Automated Masking of Software Implementations on Industrial Microcontrollers

Arnold Abromeit1, Florian Bache2,a, Leon A. Becker2, Marc Gourjon4,5, Tim Güneysu1,5,b, Sabrina Jorn1, Amir Moradi2, Maximilian Orlt6 and Falk Schellenberg7
1Falk Schellenberg
2Horst Görtz Institute for IT Security, Ruhr-Universität Bochum, Germany
3Hamburg University of Technology, Hamburg, Germany
4NXP Semiconductors Germany GmbH, Hamburg, Germany
5Cyber Physical Systems, DFKI GmbH, Bremen, Germany
6Technische Universität Darmstadt, Germany
7MPI-SP, Germany
aflorian.bache@rub.de
btim.gueneysu@rub.de

ABSTRACT


Physical side-channel attacks threaten the security of exposed embedded devices, such as microcontrollers. Dedicated countermeasures, like masking, are necessary to prevent these powerful attacks. However, a gap between well-studied leakage models and observed leakage on real devices makes the application of these countermeasures non-trivial. This work provides a gadget-based concept to automated masking covering practically relevant leakage models to achieve security on real-world devices.
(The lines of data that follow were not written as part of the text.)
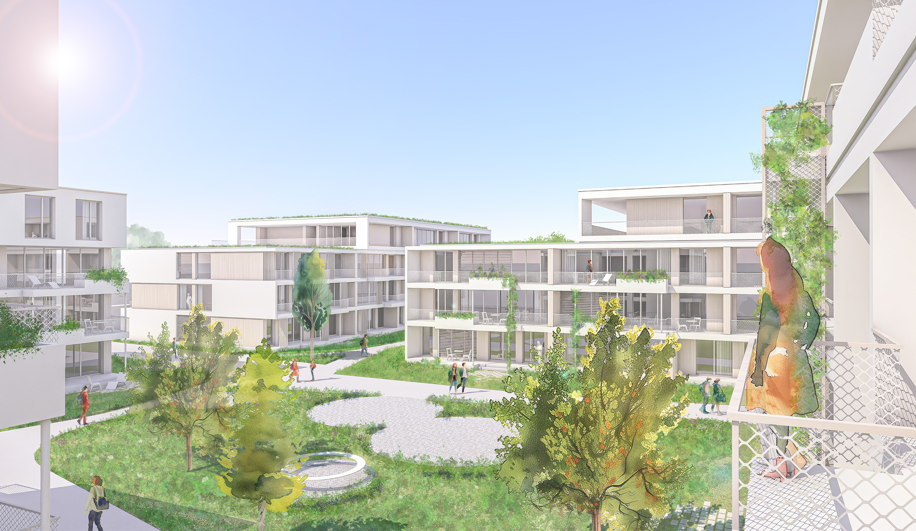 Vielseitige Wohnmöglichkeiten bringen mehr soziale Gerechtigkeit: Eine Kombination von gehobenem Wohnungsbau, individuellem Wohnen und einfachem Geschosswohnungsbau bietet Menschen mit unterschiedlichen Wünschen und Möglichkeiten am selben Ort einen Platz zum Leben. Aus sozialer Durchmischung ergibt sich ein integratives Miteinander und fördert ein pluralistisches Weltbild.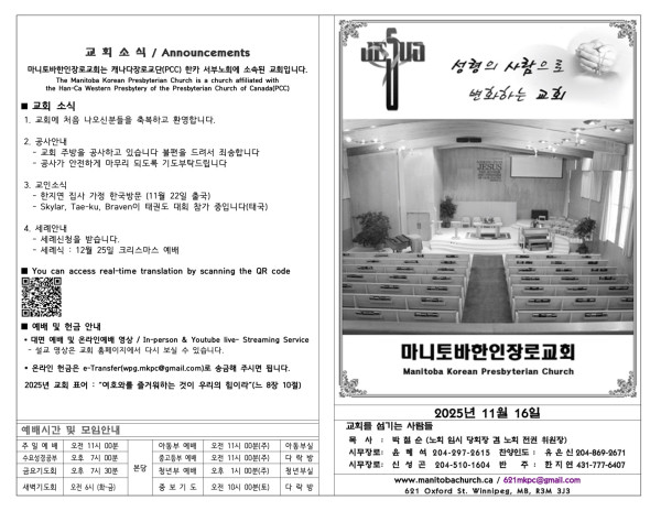 마니토바한인장로교회 웹사이트에 방문해 주셔서 감사합니다.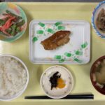 献立 幽庵焼きれんこんそぼろいんげんのマヨ和え味噌汁ご飯漬物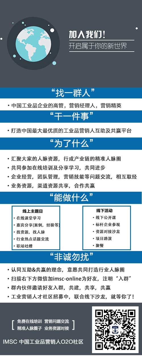 【活動】IMSC中國工業(yè)品營銷人O2O社區(qū)招募令 等你來約!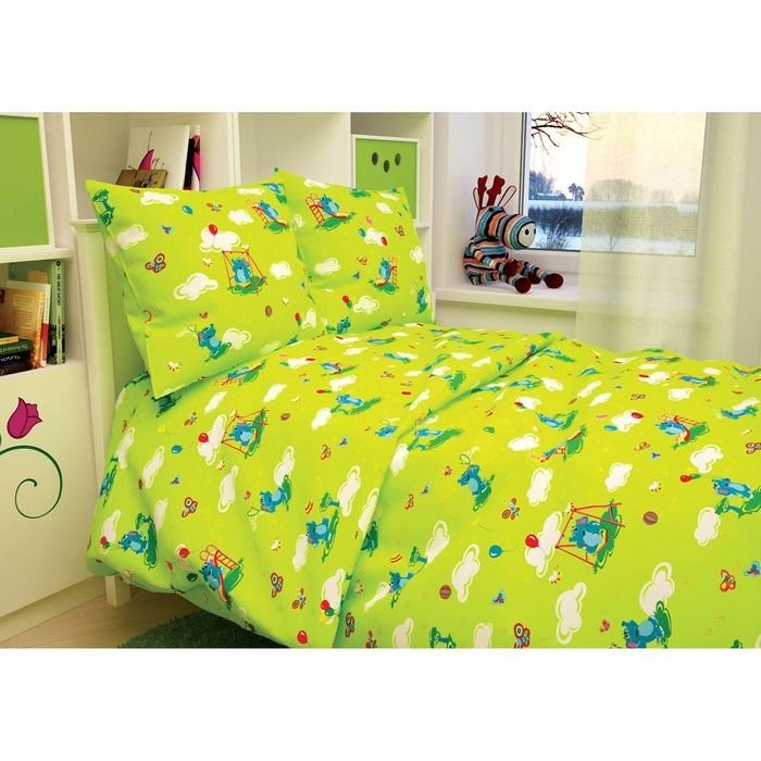 Детское постельное бельё BABY «Слоники», цвет зеленый 112×147 см, 110×150 см, 60×60 см, бязь 142 гр/м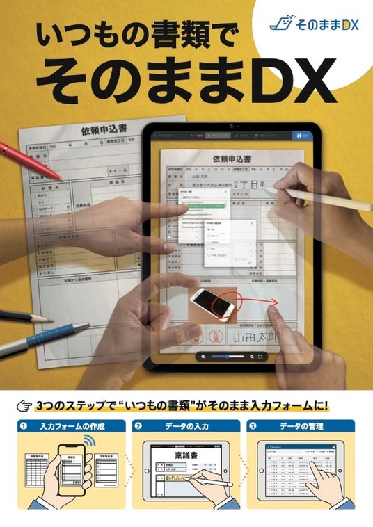 「日本のシステム導入の文化を変えて、世界一簡単なDXを実現する」の目的の元、既存の書類がそのまま入力フォームになり、各種データベースとも連携できるシステム「そのままDX(旧:Photolize)」を提供しています。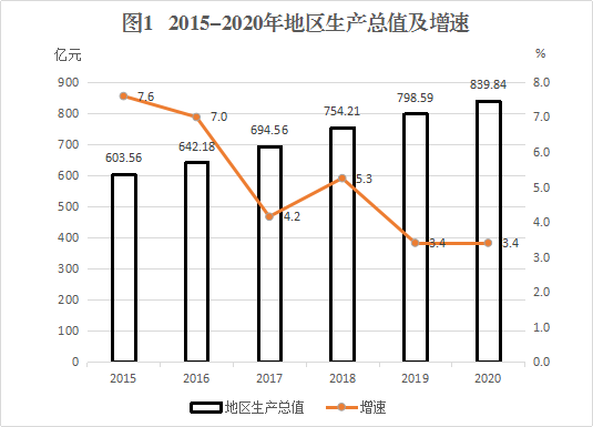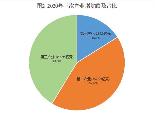 初步核算,全年地区生产总值完成839.84亿元,按可比价计算,比上年增长3.4%。其中,第一产业增加值134.90亿元,增长1.3%;第二产业增加值357.99亿元,增长9.2%;第三产业增加值346.95亿元,下降1.5%。三次产业比例为16.1:42.6:41.3。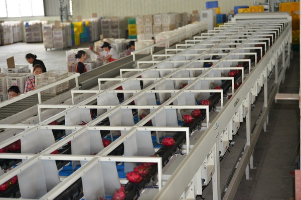 火龍果原產于西半球赤道附近,中美洲等熱帶地區,后傳入我國,在海南、廣西、廣東、福建、云南等省區均有種植。其中,廣西南寧擁有國內最大的火龍果生產基地,種植面積達22萬畝。近年來,南寧大力發展火龍果產業,但火龍果的分選一直依靠消耗大量的人力物力單純的人工操作,然而這種缺乏標準化的分選操作嚴重制約了南寧火龍果產業的發展。為了推動當地火龍果的品牌建設,南寧決定從火龍果產業的規模化,標準化、專業化入手,引入了江西綠萌所研發生產的火龍果自動化分選線,以改變成本高、效率低的人工分選現狀。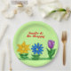 Pretty flowers in the garden green grass with golden yellow flower, blue flower and purple tulip with green leaves. With the wording, Smile and be happy in red text. Fun and cheery disposable paper plates to use during the spring and summer months. Leave wording or personalize it or delete text. Shown on a pretty light green background. Original Graphic Artwork by TamiraZDesigns.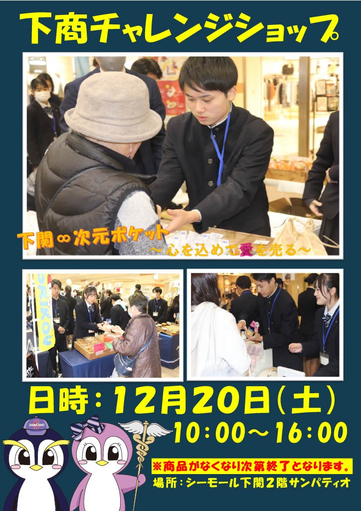 下関商業高等学校の生徒が設立した“模擬株式会社”による販売実習イベント「第21回 下商チャレンジショップ 2025」が、12月20日(土)にシーモール下関で開催されます。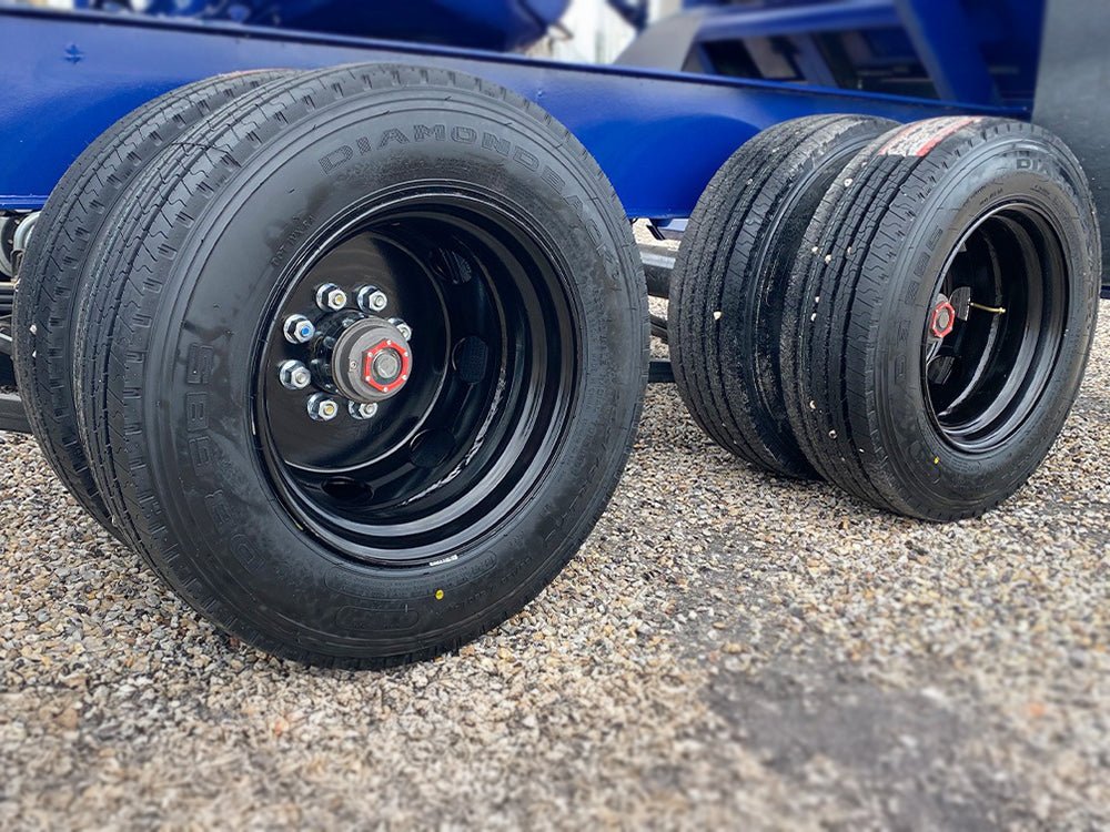 Configure with 10k, 12k, or massive 16k Lippert oil bath axles. The 16k axles are paired with an optional Hutch HD suspension and 18-ply tires to handle the 30,000 lb GVWR under severe conditions.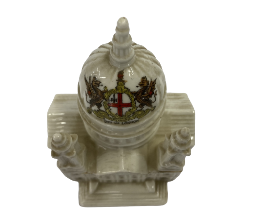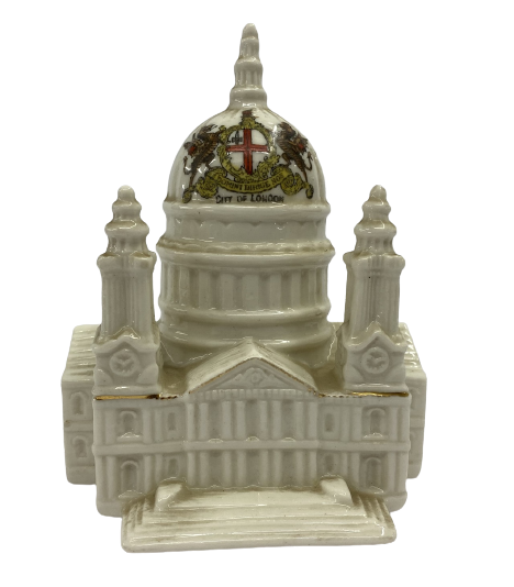 Crested China were a popular souvenir in the late 19th century and the early part of the 20th century. They were typically bought on holidays or day-trips especially from seaside locations, cities and tourist centres. There were a number of factories producing crested china including Arcadian who produced this great model of St Pauls Cathedral which has the City of London crest. Similar models can be found by other factories, with other crests and in smaller sizes.

We realize this concept with a fully automated compiler that transforms unprotected microcontroller-implementations of cryptographic primitives into masked executables, capable of being executed on the target device. In a case study, we apply our approach to a bitsliced LED implementation and perform a TVLA-based security evaluation of its core component: the PRESENT s-box.